Судебный следователь написал мировому судье письмо в несколько строк и вручил его Пароли.
Затем новые друзья расстались.
Пароли был в восхищении от собственной ловкости, которую он только что имел случай выказать в полном блеске.
А между тем по его уходе судебный следователь думал следующее:
«Редко можно встретить таких великодушных людей, как этот доктор. Для насмешников он может показаться глупцом, для меня же он — герой!»
Пароли не терял ни минуты.
С улицы Ренн он направился прямо к мировому судье, передал ему письмо судебного следователя и добился, чтобы семейный совет был созван в течение следующей недели.
Затем он вернулся на улицу Sante, поднялся в комнаты Сесиль и рассказал ей обо всем.
Девушка не могла скрыть радости. Ее до сих пор жестокое и холодное сердце мало-помалу таяло, и в нем появлялся зародыш настоящей страсти к убийце родного отца.
Глава XIX ОТЕЦ И СЫНОкончив все дела, вызвавшие его присутствие в Париже, нотариус Вениамин Леройе отправился к своему собрату и другу, нотариусу Мегрэ. Он объявил ему о предстоящем приезде Леона и уговорился о принятии молодого человека в контору Мэгрэ.
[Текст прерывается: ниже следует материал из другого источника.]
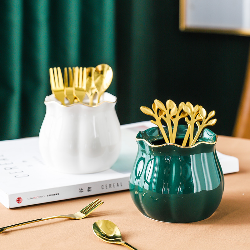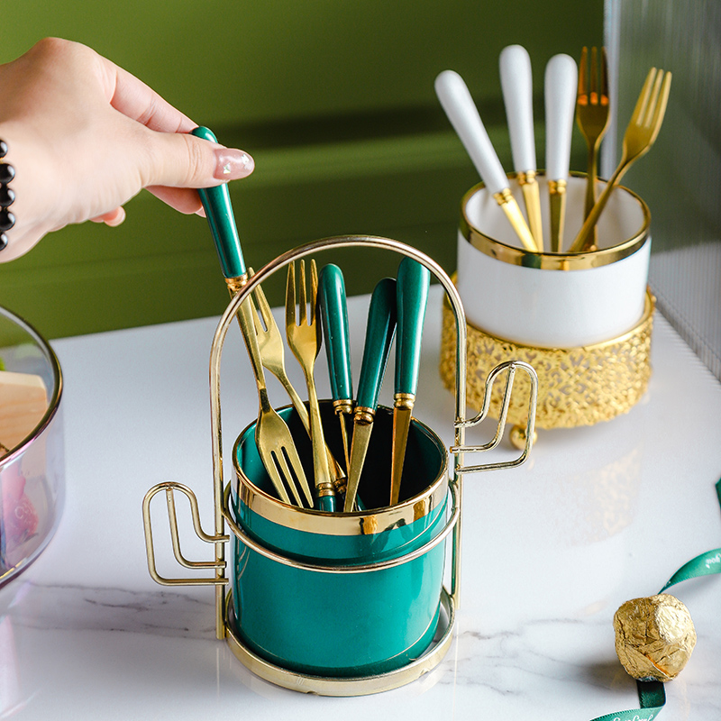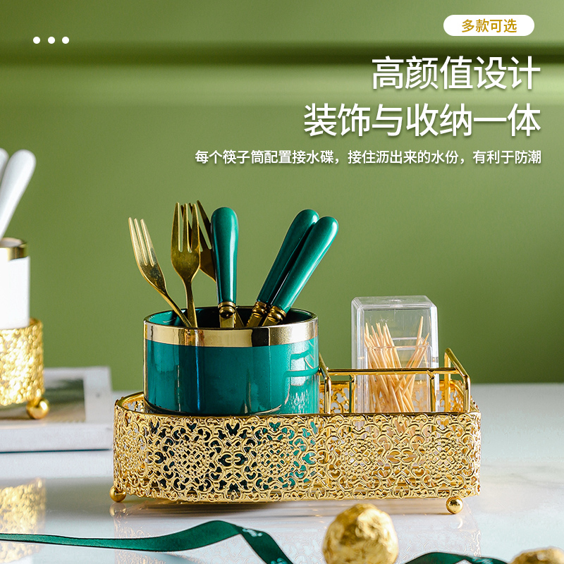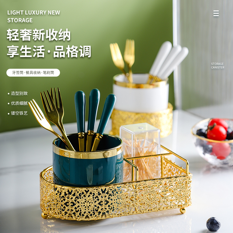 Green fork tank 3 grid gold frame 6 fork toothpick tube

После этого Леройе уехал обратно в Дижон, где сын ожидал его приезда с нетерпением, смешанным с беспокойством.
Нотариус возвратился домой в самом отвратительном расположении духа.
— Дело это во всех отношениях еще ужаснее, чем казалось вначале, — ответил он на первые вопросы сына. — Пусть правосудие расправляется тут, как ему угодно, а что касается нас, то мы перестанем говорить об этом. Я отдал в руки моего коллеги, нотариуса Мегрэ, завещание Жака Бернье, которое хранилось у меня. Признаться, я ужасно сожалею, что посоветовал моему несчастному другу составить его.
— Почему, папа? — спросил Леон
— Потому что я поступил как дурак, заступаясь за эту женщину! Она вовсе не заслуживает, чтобы честный человек взял ее под свою защиту! Это просто какое-то чудовище!
— О какой женщине вы говорите, папа?
— Конечно, об Анжель Бернье!
Когда Леон Леройе услышал эти слова, ему показалось, что на сердце его лег тяжелый камень.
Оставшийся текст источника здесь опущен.